To do: Take the line containing "Esta bella invitación" and every line after it to the end of the records, and copy them exactly, leaving out pictures.

(Records from a collection)
------------------------------
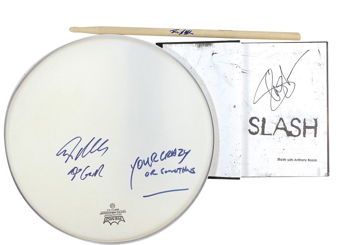 Three items: hardcover edition of Slash, signed on the title page in black felt tip, “Slash”; and an Ambassador coated unused Remo 14” drumhead and a Sound percussion 5A drumstick, both signed in felt tip by Steven Adler, adding “Your crazy or something,” to the drumhead. In fine condition. Pre-certified Roger Epperson/REAL and RRAuction COA.
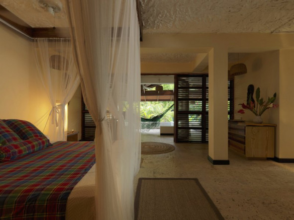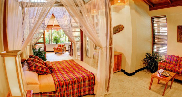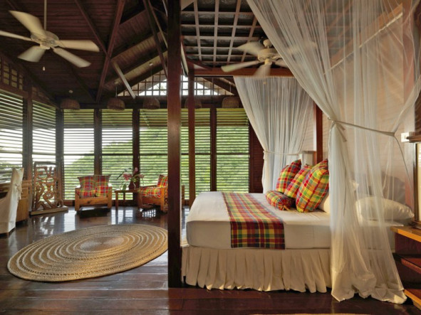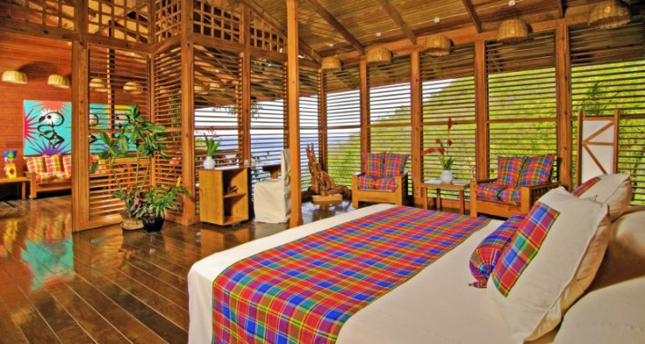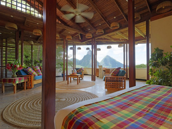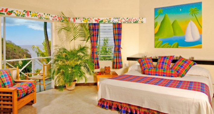 The Anse Chastanet Hotel Resort offers 49 individually designed rooms, 37 of which are scattered about a lush hillside, and 12 which are nestled within a tropical garden at beach level. The use of local woods and other local products in the room decor and furnishings is emphasized. Cushions and bedspreads are made from colourful cotton fabrics called madras, the island's "national cloth." Even the resort bathrobes are locally made and have become a popular souvenir item!
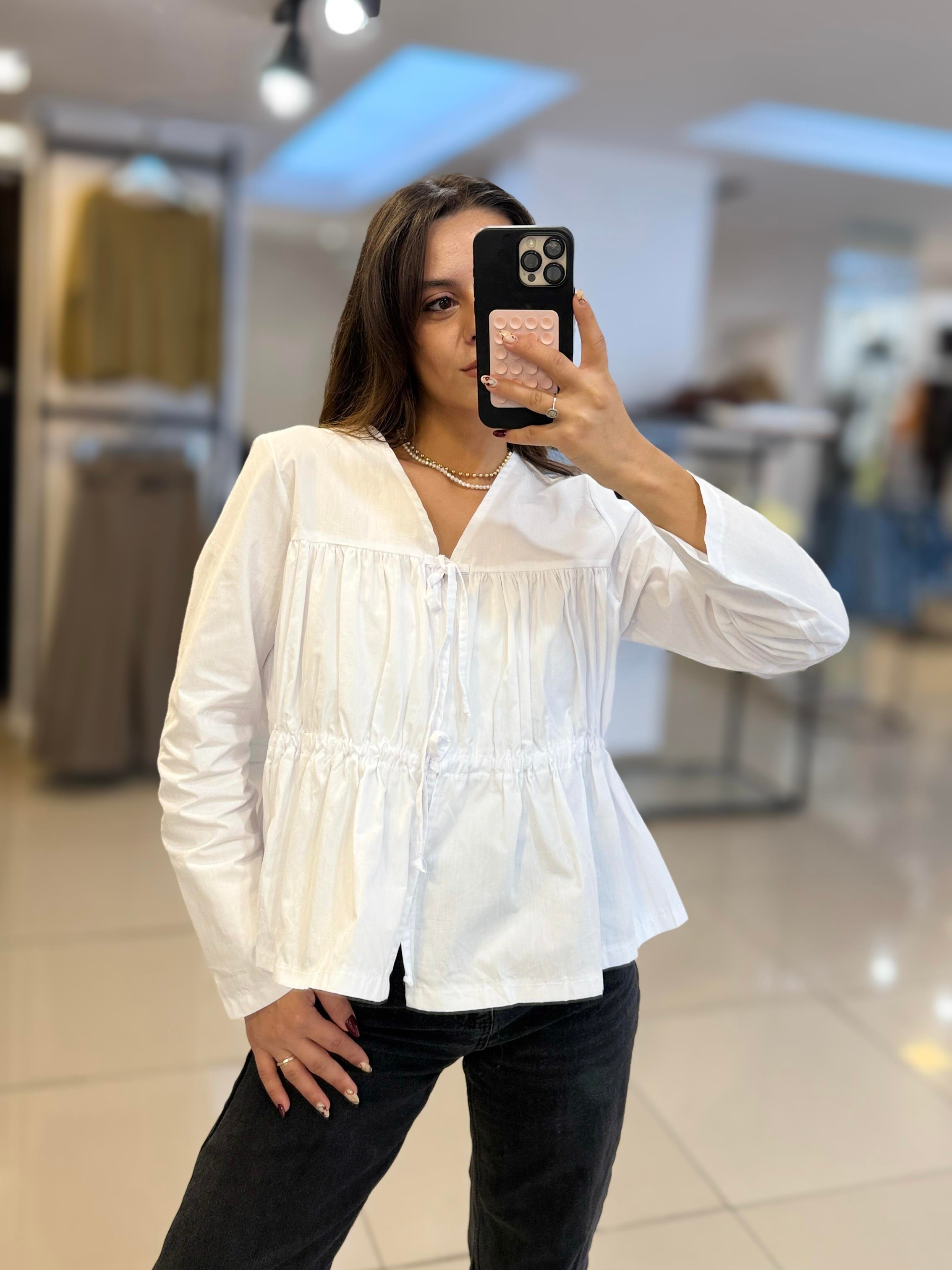 BEYAZ BAĞLAMA DETAYLI BÜZGÜLÜ POPLİN BLUZ
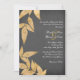 Esta bella invitación a la boda presenta una vieja textura de papel vintage con imágenes de hojas de otoño de color amarillo dorado sobre un elegante fondo gris. Excelente para cualquier novia que busque un clásico estilo vintage para su boda de otoño
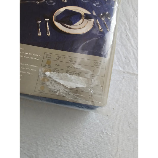 Vintage 1970s Courtenay Tablecloth Linen Light Blue Tableaux
------------------------------
Exercise solution:
 Esta bella invitación a la boda presenta una vieja textura de papel vintage con imágenes de hojas de otoño de color amarillo dorado sobre un elegante fondo gris. Excelente para cualquier novia que busque un clásico estilo vintage para su boda de otoño
 Vintage 1970s Courtenay Tablecloth Linen Light Blue Tableaux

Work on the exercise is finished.